Work to be completed →
Nothing should appear in the answer except the lines below from the line containing "地域リーグ初戦は松戸市立六実" through the line containing "flowers in summer.", copied exactly, with pictures left out.

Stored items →
# # # # # # #

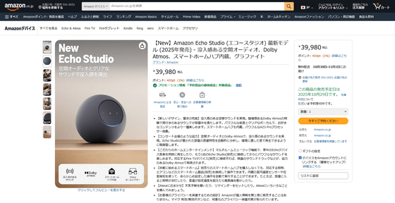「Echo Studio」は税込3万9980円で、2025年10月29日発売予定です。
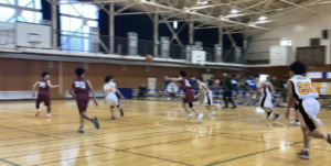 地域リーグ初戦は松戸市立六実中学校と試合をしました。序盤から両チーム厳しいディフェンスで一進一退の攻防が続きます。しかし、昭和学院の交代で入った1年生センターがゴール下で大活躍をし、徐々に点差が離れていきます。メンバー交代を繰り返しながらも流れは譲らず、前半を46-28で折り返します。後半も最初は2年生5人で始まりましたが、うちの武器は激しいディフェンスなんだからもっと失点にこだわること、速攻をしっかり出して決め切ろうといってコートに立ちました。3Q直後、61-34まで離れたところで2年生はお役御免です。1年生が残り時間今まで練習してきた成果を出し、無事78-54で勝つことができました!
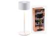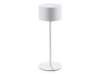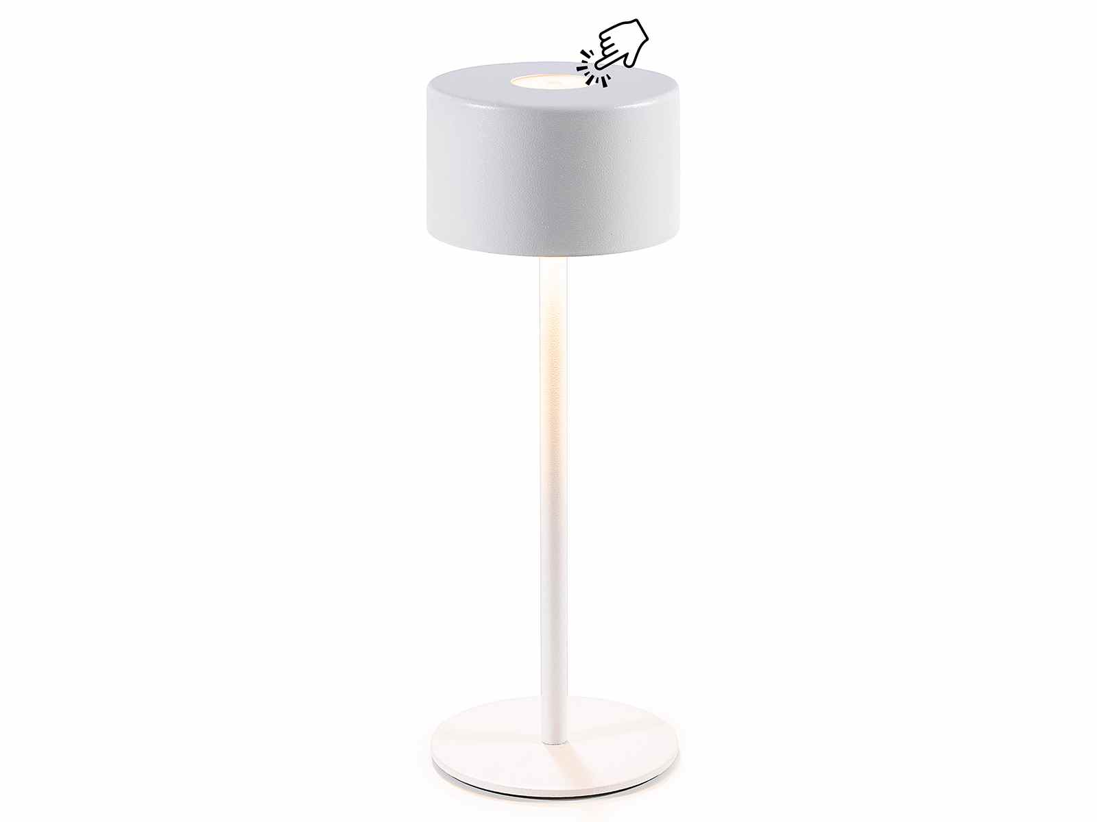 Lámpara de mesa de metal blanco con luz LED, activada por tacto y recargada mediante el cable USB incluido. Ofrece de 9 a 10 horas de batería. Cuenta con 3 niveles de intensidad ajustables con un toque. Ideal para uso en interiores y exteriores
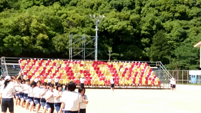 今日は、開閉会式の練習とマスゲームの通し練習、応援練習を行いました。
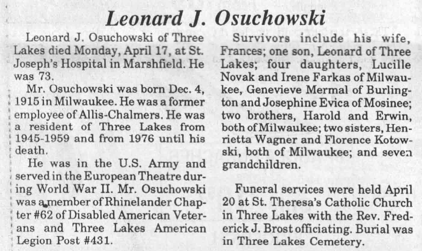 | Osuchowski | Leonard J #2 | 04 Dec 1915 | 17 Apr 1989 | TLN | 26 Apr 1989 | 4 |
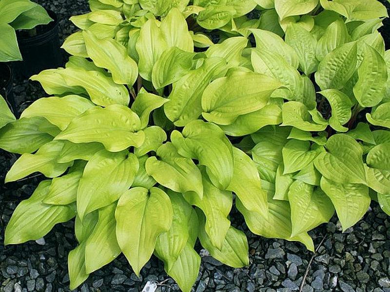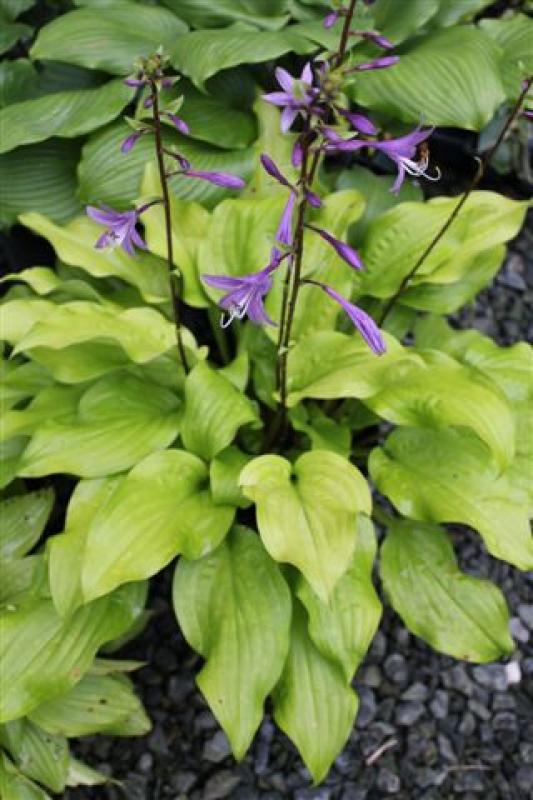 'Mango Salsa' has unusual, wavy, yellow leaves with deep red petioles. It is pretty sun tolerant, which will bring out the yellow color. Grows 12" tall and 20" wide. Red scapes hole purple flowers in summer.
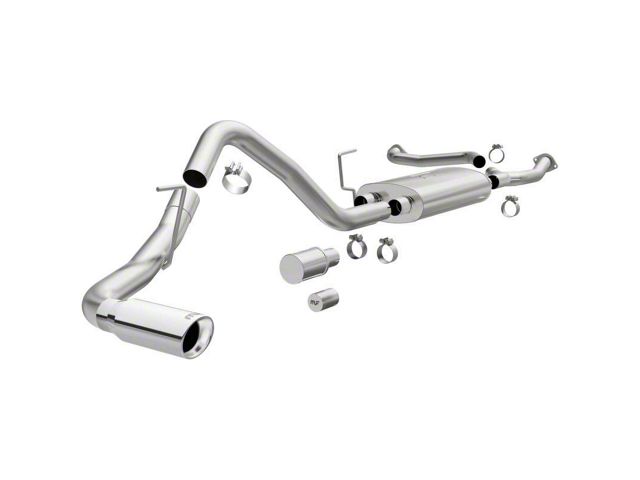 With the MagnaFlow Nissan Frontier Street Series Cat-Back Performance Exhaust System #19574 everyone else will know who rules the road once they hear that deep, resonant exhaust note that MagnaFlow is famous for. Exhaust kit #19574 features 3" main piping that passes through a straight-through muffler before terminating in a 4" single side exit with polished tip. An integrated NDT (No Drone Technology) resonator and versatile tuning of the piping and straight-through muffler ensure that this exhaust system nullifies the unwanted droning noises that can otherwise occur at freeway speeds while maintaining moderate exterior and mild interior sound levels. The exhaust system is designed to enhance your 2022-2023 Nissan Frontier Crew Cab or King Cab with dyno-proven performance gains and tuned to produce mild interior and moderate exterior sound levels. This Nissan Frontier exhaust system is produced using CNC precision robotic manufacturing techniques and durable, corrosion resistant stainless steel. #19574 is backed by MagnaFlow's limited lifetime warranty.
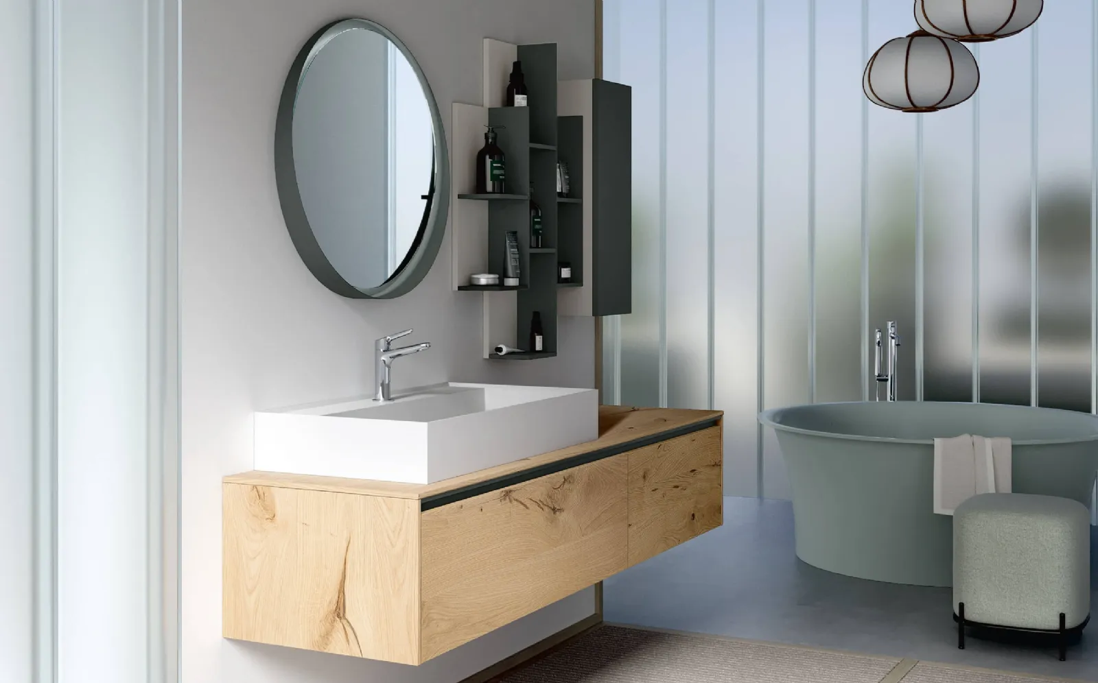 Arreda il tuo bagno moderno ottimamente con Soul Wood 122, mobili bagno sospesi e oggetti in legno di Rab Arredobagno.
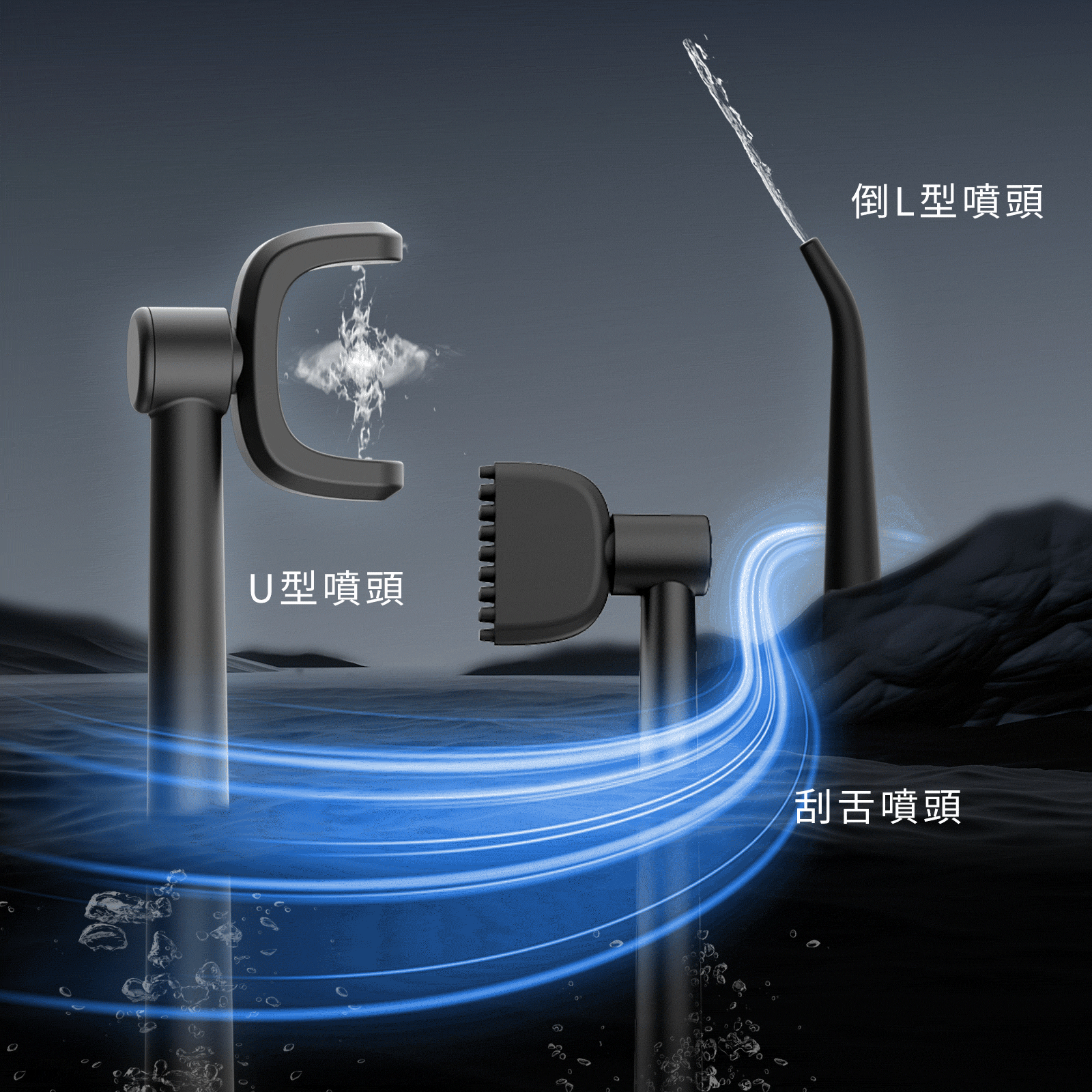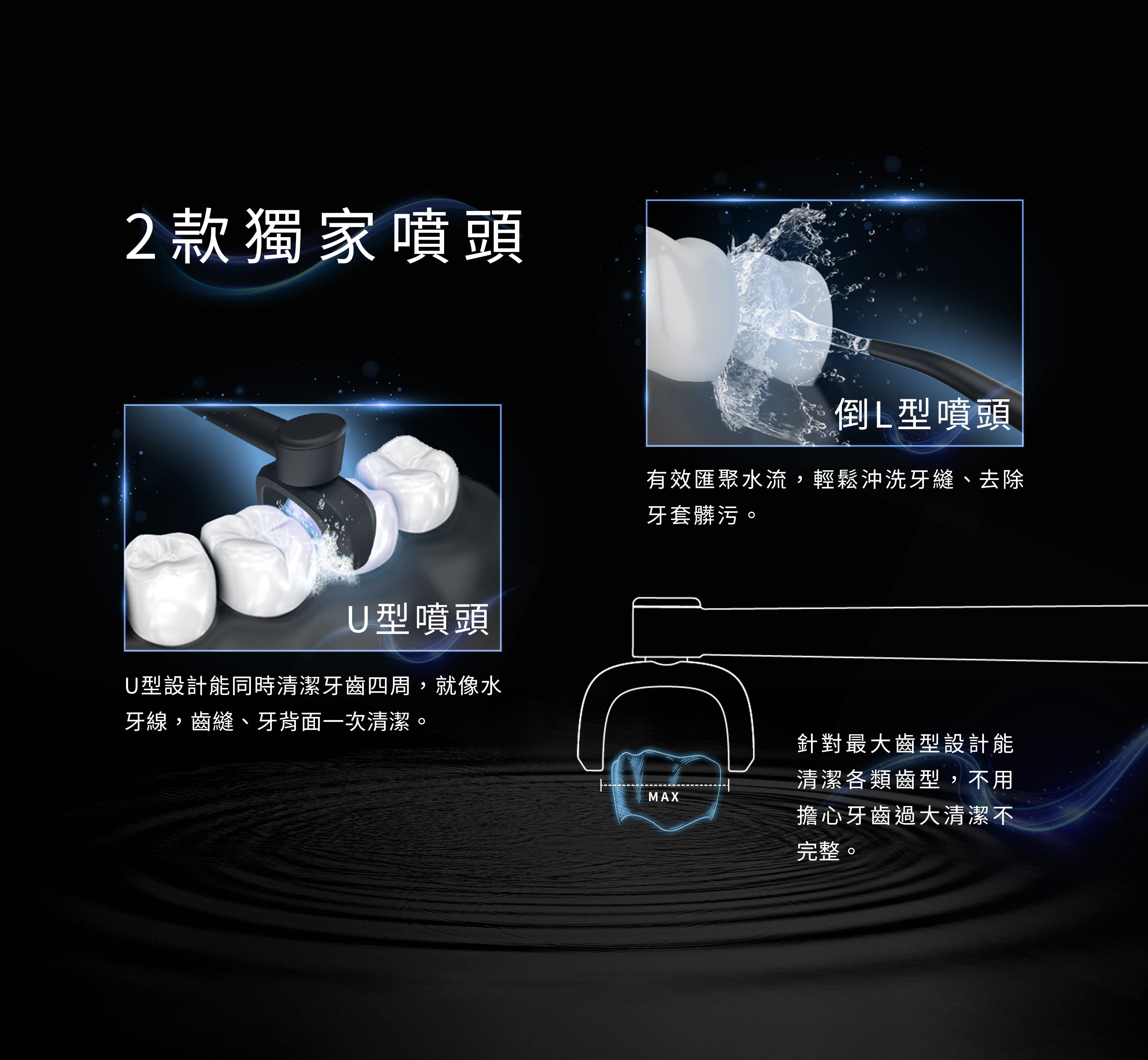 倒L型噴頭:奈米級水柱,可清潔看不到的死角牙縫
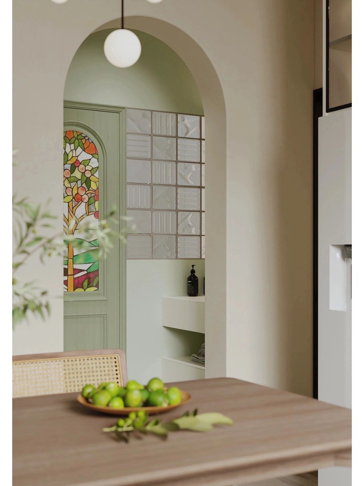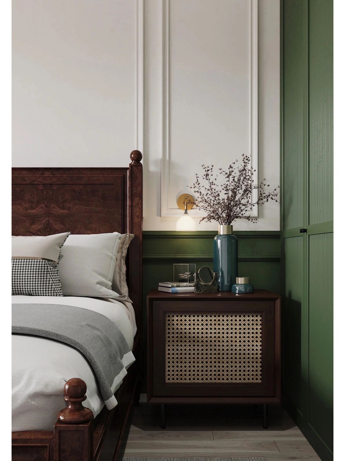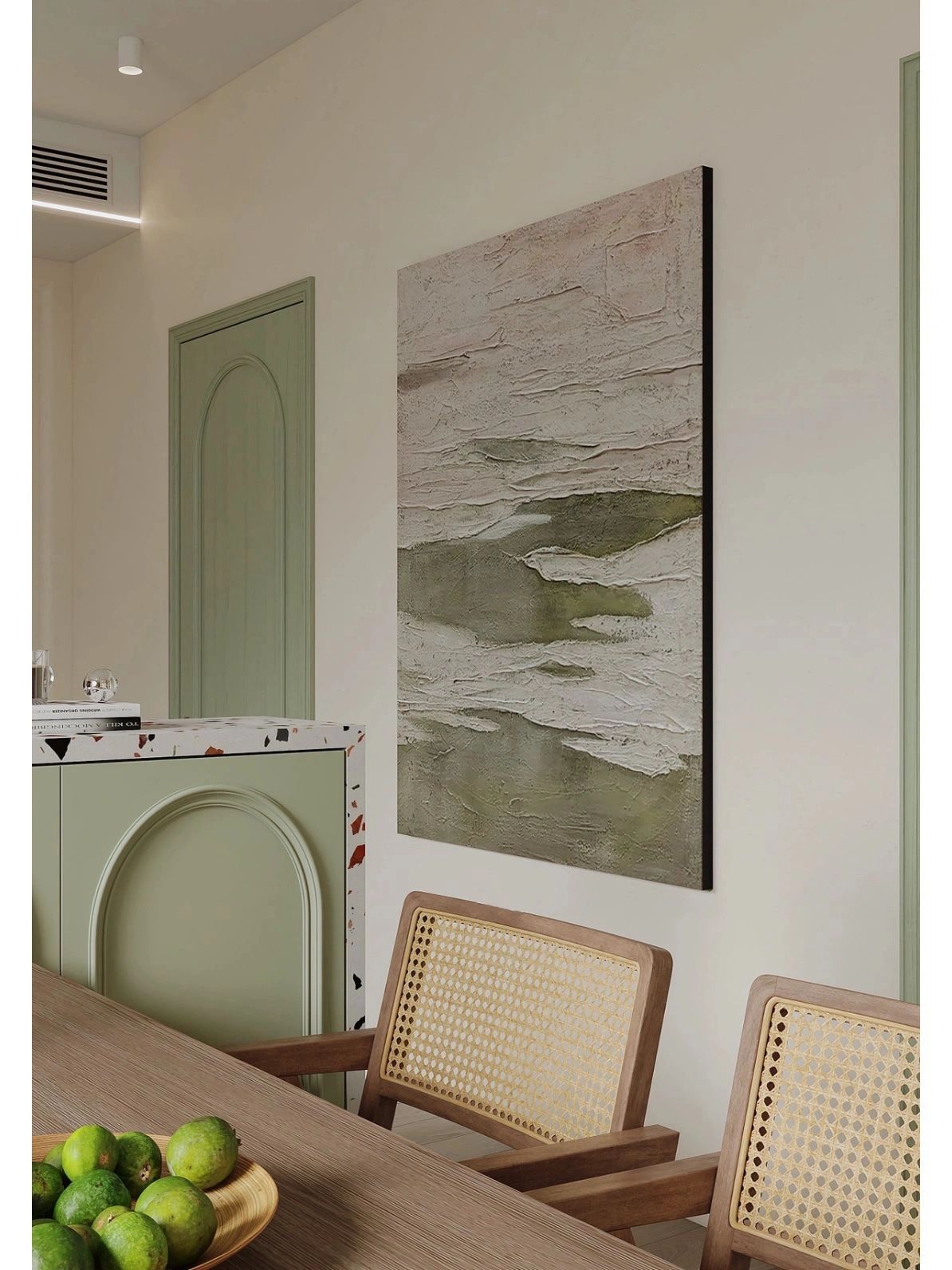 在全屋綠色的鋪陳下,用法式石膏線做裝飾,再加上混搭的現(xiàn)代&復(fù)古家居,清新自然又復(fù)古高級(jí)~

# # # # # # #

Exercise result →
 地域リーグ初戦は松戸市立六実中学校と試合をしました。序盤から両チーム厳しいディフェンスで一進一退の攻防が続きます。しかし、昭和学院の交代で入った1年生センターがゴール下で大活躍をし、徐々に点差が離れていきます。メンバー交代を繰り返しながらも流れは譲らず、前半を46-28で折り返します。後半も最初は2年生5人で始まりましたが、うちの武器は激しいディフェンスなんだからもっと失点にこだわること、速攻をしっかり出して決め切ろうといってコートに立ちました。3Q直後、61-34まで離れたところで2年生はお役御免です。1年生が残り時間今まで練習してきた成果を出し、無事78-54で勝つことができました!
 Lámpara de mesa de metal blanco con luz LED, activada por tacto y recargada mediante el cable USB incluido. Ofrece de 9 a 10 horas de batería. Cuenta con 3 niveles de intensidad ajustables con un toque. Ideal para uso en interiores y exteriores
 今日は、開閉会式の練習とマスゲームの通し練習、応援練習を行いました。
 | Osuchowski | Leonard J #2 | 04 Dec 1915 | 17 Apr 1989 | TLN | 26 Apr 1989 | 4 |
 'Mango Salsa' has unusual, wavy, yellow leaves with deep red petioles. It is pretty sun tolerant, which will bring out the yellow color. Grows 12" tall and 20" wide. Red scapes hole purple flowers in summer.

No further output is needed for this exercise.